VSE is a leading provider of aviation distribution and repair services for the commercial and business and general aviation (B&GA) aftermarkets. Headquartered in Miramar, Florida, VSE is focused on significantly enhancing the productivity and longevity of its customers' high-value, business-critical assets. VSE’s aftermarket parts distribution and maintenance, repair, and overhaul (MRO) services support engine component and engine and airframe accessory part distribution and repair services for commercial and B&GA operators. For more detailed information, please visit VSE's website at www.vsecorp.com.

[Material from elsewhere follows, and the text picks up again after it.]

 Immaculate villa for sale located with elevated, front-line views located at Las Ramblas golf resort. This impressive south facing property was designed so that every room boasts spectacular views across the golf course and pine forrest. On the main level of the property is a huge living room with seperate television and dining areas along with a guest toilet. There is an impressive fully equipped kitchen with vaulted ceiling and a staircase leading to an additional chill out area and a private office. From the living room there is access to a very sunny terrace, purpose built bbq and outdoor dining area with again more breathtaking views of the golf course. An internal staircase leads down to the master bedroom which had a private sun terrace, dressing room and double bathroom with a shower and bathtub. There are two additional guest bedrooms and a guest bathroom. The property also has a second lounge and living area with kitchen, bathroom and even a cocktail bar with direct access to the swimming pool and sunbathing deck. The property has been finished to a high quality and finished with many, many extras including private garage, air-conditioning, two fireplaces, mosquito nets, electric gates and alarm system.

Please refer to the Form 10-K that will be filed with the Securities and Exchange Commission (SEC) on or about February 27, 2026 for more details on our fourth quarter and full year 2025 results. VSE encourages investors and others to review the detailed reporting and disclosures contained in VSE’s public filings for additional discussion about the status of customer programs and contract awards, risks, revenue sources and funding, dependence on material customers, and management’s discussion of short- and long-term business challenges and opportunities.

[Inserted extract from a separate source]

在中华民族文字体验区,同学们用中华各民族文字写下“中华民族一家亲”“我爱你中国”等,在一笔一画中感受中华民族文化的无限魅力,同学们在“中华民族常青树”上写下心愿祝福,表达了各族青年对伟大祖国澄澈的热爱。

FORWARD-LOOKING STATEMENTS

This document contains certain forward-looking statements. These forward-looking statements, which are included in accordance with the safe harbor provisions of the Private Securities Litigation Reform Act of 1995, may involve known and unknown risks, uncertainties and other factors that may cause VSE’s actual results and performance in future periods to be materially different from any future results or performance suggested by the forward-looking statements in this document. Although the Company believes the expectations reflected in such forward-looking statements are based upon reasonable assumptions, the Company can give no assurance that actual results will not differ materially from these expectations. “Forward-looking” statements, as such term is defined by the SEC in its rules, regulations and releases, represent the Company's expectations or beliefs, including, but not limited to, statements concerning the Company's operations, economic performance, financial condition, growth and acquisition strategies, investments and future operational plans. Without limiting the generality of the foregoing, words such as “may,” “will,” “expect,” “believe,” “anticipate,” “intend,” “forecast,” “seek,” “plan,” “predict,” “project,” “could,” “estimate,” “might,” “continue,” “seeking” or the negative or other variations thereof or comparable terminology are intended to identify forward-looking statements. These statements, by their nature, involve substantial risks and uncertainties, certain of which are beyond the Company's control, and actual results may differ materially depending on a variety of important factors, including, but not limited to, factors identified in the Company's reports filed or expected to be filed with the SEC including the Annual Report on Form 10-K for the year ended December 31, 2025 and subsequent filings made with the SEC. All forward-looking statements made herein are qualified by these cautionary statements and risk factors and there can be no assurance that the actual results, events or developments referenced herein will occur or be realized. Readers are cautioned not to place undue reliance on these forward looking-statements, which reflect management's analysis only as of the date hereof. The Company undertakes no obligation to update or revise forward-looking statements to reflect changed assumptions, the occurrence of unanticipated events or changes to future operating results.